Forum der Letteren. Jaargang 1964
(1964)– [tijdschrift] Forum der Letteren– Auteursrechtelijk beschermd
[pagina 216]
| |
CommentaarDe studie van het Grieks in het Nederland van de vorige eeuwTot het schrijven van de volgende bladzijden ben ik gekomen door de lectuur van de in juni 1964 te Nijmegen verdedigde dissertatie van D.C.J.A. Schouten, Het Grieks aan de Nederlandse Universiteiten in de negentiende eeuw, bijzonder gedurende de periode 1815-1872. Aangezien ik beneden heel vaak negatief op dit geschrift zal reageren, is het billijk om eerst de positieve kant ervan te belichten.
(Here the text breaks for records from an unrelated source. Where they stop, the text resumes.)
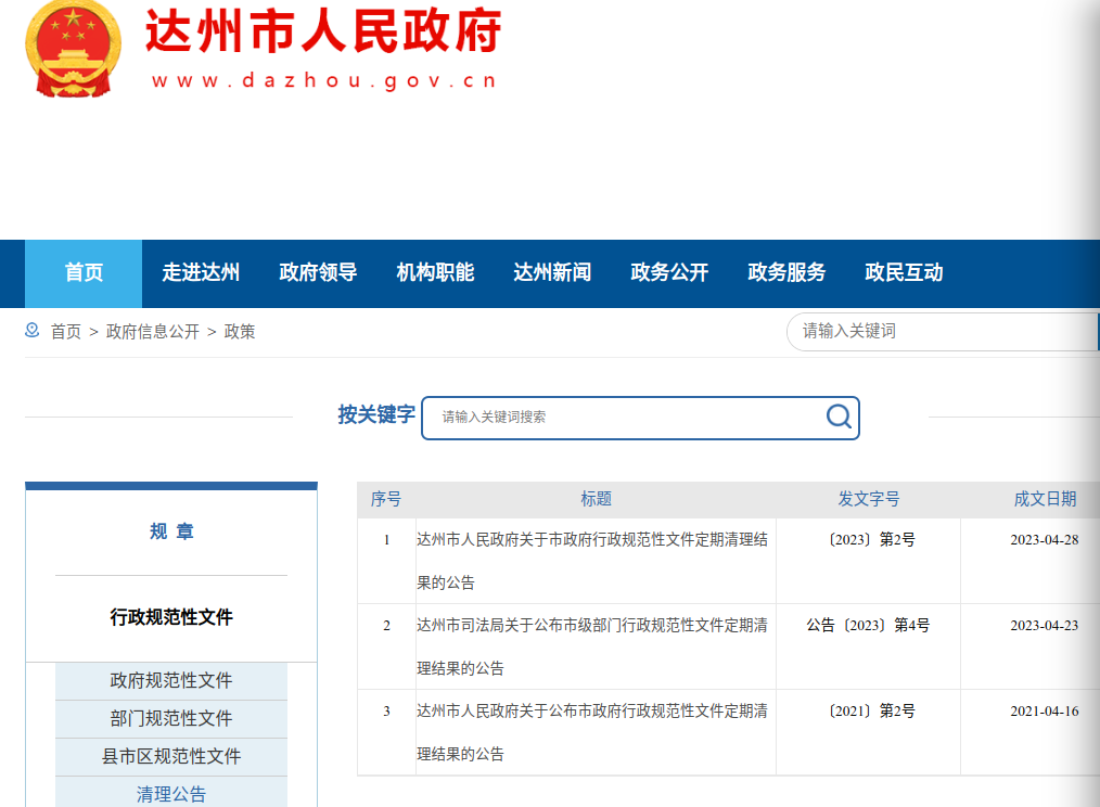 督促全市各级行政机关开展规范性文件清理,及时发布规范性文件清理结果公告,动态更新行政规范性文件有效性标注。
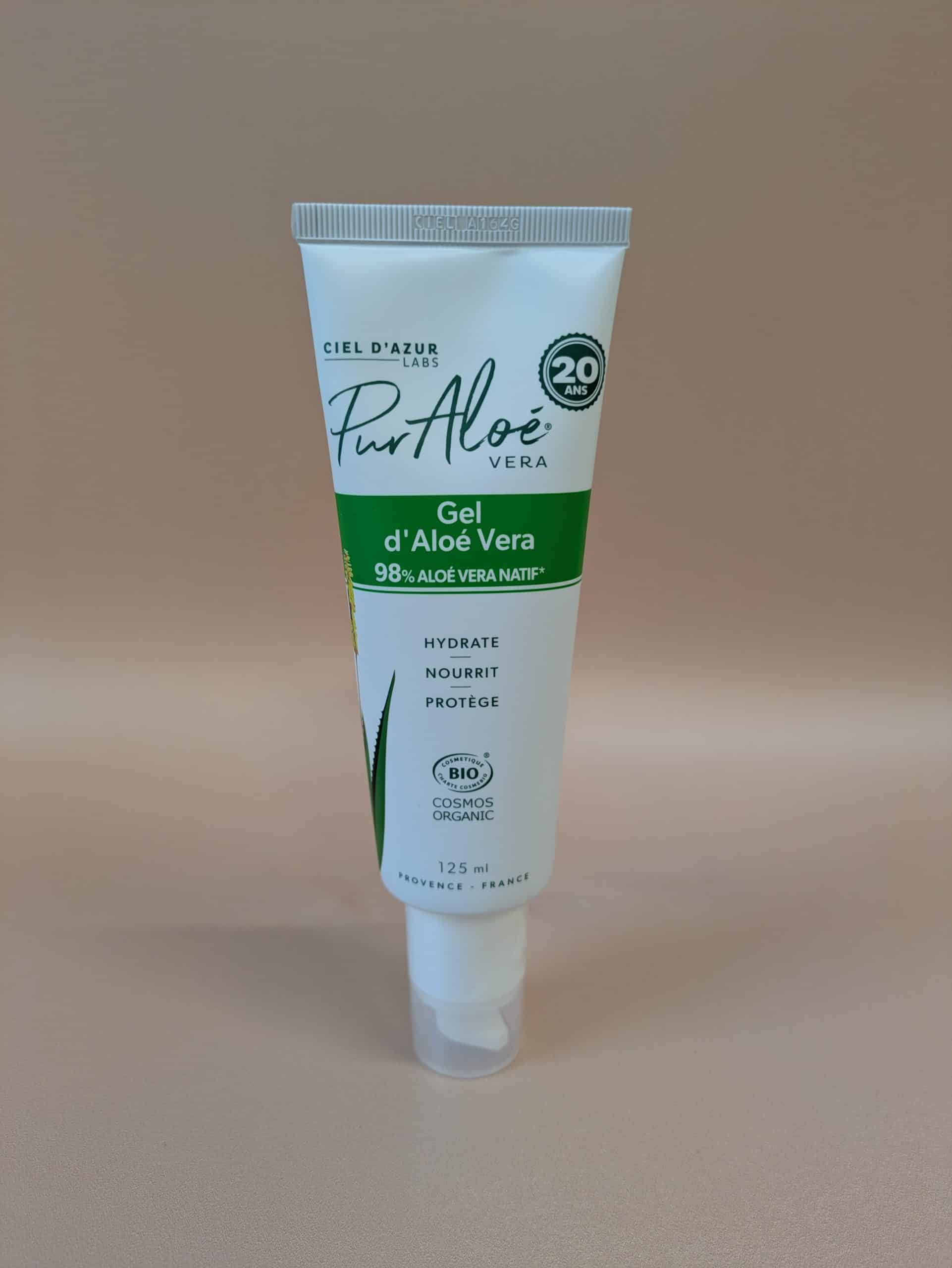 – Un gel d’aloé vera, Ciel d’azur, format 125ml. Il nourri, protège et hydrate. Formulé à partir de 98% d’aloé vera natif bio et équitable. L’aloé vera aide à fixer l’hydratation de nos huiles de soin. Prélevez une noisette de gel d’aloé vera et mélangez quelques gouttes de notre huile de soin en son cœur. Appliquez telle une crème sur le visage et le cou.
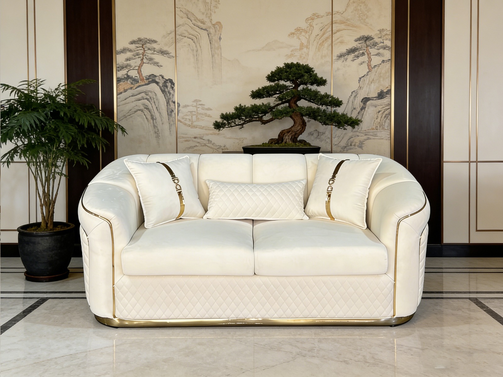 Beneath its elegant exterior, strength and stability are ensured by a solid wood internal frame, reinforced with serpentine spring suspension for superior resilience and shape retention. Finished with gold-plated stainless-steel feet, the sofa offers both visual brilliance and long-term corrosion resistance.
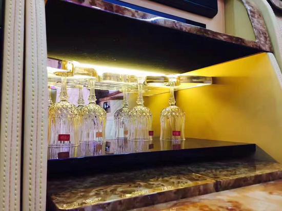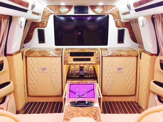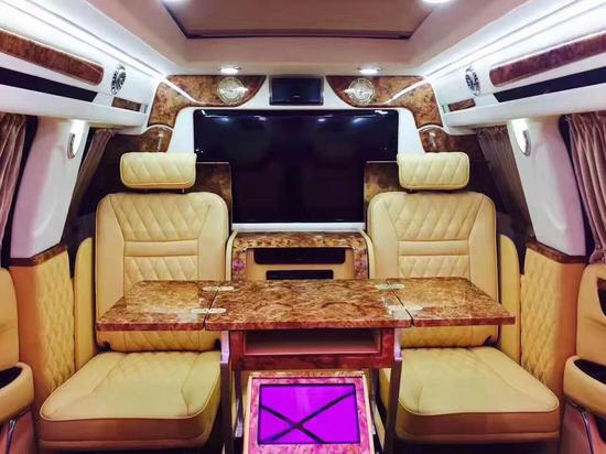 总统一号的折叠座椅打开图片,它的上方是40寸超大电视,带有网络系统。总统一号内饰宽敞,全车采用真牛皮包裹座椅,座椅柔软舒服,人体学上可以说总统一号座椅是最理想的,人坐在上面,不一会舒服得想睡觉。总统一号内饰配置的办公电脑桌板,电动升降带有折叠功能

Een dissertatie dient om te tonen, dat een promovendus zelfstandig een onderwerp wetenschappelijk kan behandelen - welnu, dat heeft de schrijver gedaan, en zijn doctorstitel heeft de heer Schouten eerlijk verdiend. Hij heeft een enorm materiaal bij elkaar gebracht en dat kritisch bekeken (niet altijd even kritisch verwerkt). Hij heeft met dat materiaal een gebouw opgetrokken - dat het m.i.. verkeerd geconstrueerd is, doet er in dit verband niet toe. En hoewel de dispositie van zijn geschrift zeer ongelukkig is (het zou gewonnen hebben, als de omvang tot minder dan de helft teruggebracht was), heeft het waarde, èn om wat er in neergelegd is, èn als uitgangspunt voor verdere studie. Wanneer ik in het volgende nogal breed uitmeet wat ik als tekortkomingen zie in Schouten's werk, is het dan ook meer om te wijzen op object en methode van deze verdere studie dan om een boekbespreking te schrijven, die trouwens hier niet op haar plaats zou zijn (al zal ze niet geheel vermeden kunnen worden).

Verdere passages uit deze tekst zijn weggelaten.